Shiseido profit and sales impacted by continued challenges in China and travel retail
Japanese beauty group Shiseido has reported an increase in sales to £1.2 billion (¥249.5 billion) for the first quarter, but faced continued challenges in China and across its travel retail business.
Net sales lifted 3.9% on a reported basis for the three months ending 31 March 2024, but dropped 2.7% on a constant currency basis.
The company said it delivered "robust" growth in Japan, the Americas and EMEA, bolstered by innovations and new product launches.
In the Japan business, Shiseido accelerated growth, benefiting from the success of its activities focusing on high-growth and high-profit brands, as well as strategic marketing for creating new categories coupled with an increasing demand from inbound tourists.
Meanwhile, the Americas and EMEA businesses maintained a "steady" momentum, with growth from the Shiseido brand as well as fragrances, led by Narciso Rodriguez. It comes as the firm eyes further UK growth as it drives continued brand awareness and sales in the region.
Drunk Elephant also enjoyed another quarter of growth following a number of brick-and-mortar footprint and proactive marketing activities. As a result, EMEA net sales reached £177 million (¥34.8 billion), up 25.2% on a reported basis and 10.4% on a constant currency basis.

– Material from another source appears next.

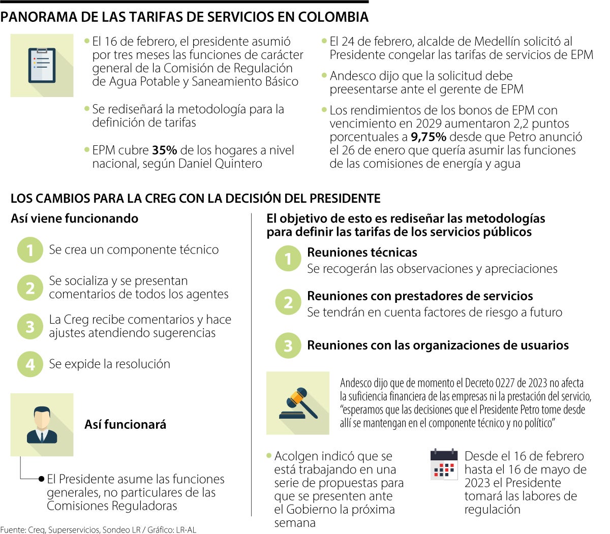 El alcalde de Medellín y presidente de la Junta Directiva de EPM, Daniel Quintero, comentó a LR que recibió retroalimentación del presidente, Gustavo Petro. “Dijo que le gustaba la propuesta pero quería discutirla de forma particular con nosotros. Haremos una mesa para explorar esa y otras alternativas”, comentó. Quintero también mencionó que si la medida fuera aprobada por Presidencia, se aplicaría de forma inmediata e impactaría 13 departamentos. “La medida llegaría hasta el último día de mi gobierno, que es el 31 de diciembre de este año, luego sería una discusión entre el nuevo alcalde o alcaldesa con el Presidente".
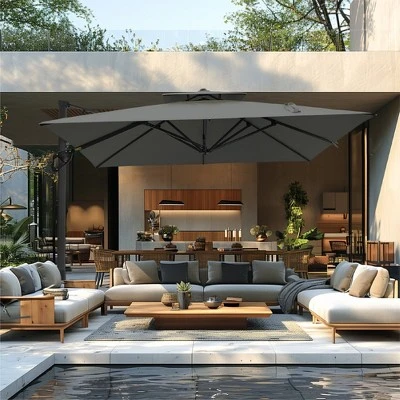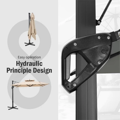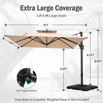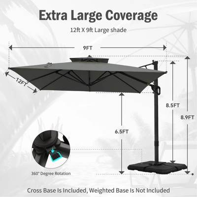 Transform your outdoor living area with our 9 ft x 12 ft Premium Cantilever Patio Umbrella. This beautifully designed umbrella combines elegance with practicality, featuring a sturdy triangular structure and a unique double-top design that provides outstanding stability and airflow. Perfect for enhancing patios, gardens, and poolside settings, it delivers ample shade while adding a touch of sophistication to your outdoor environment.

While many beauty companies are struggling in China due to a decline in travel retail and a slowdown in spending, Shiseido also said the release of treated radioactive water from the Fukushima nuclear plant last year, which triggered a boycott of Japanese products by Chinese consumers, continued to impact sales, with a decline of 3% in the region.
Net sales also dropped across its travel retail business due to "retailer inventory adjustments amid tighter regulations with the ongoing shift in retailers returning back to a business model focused on tourists".
While the profitability of the business was impacted by the weak sales growth in China and across travel retail, Shiseido said it managed to deliver growth in core operating profit across all other segments, namely its Japan, China, Asia Pacific, Americas and EMEA businesses.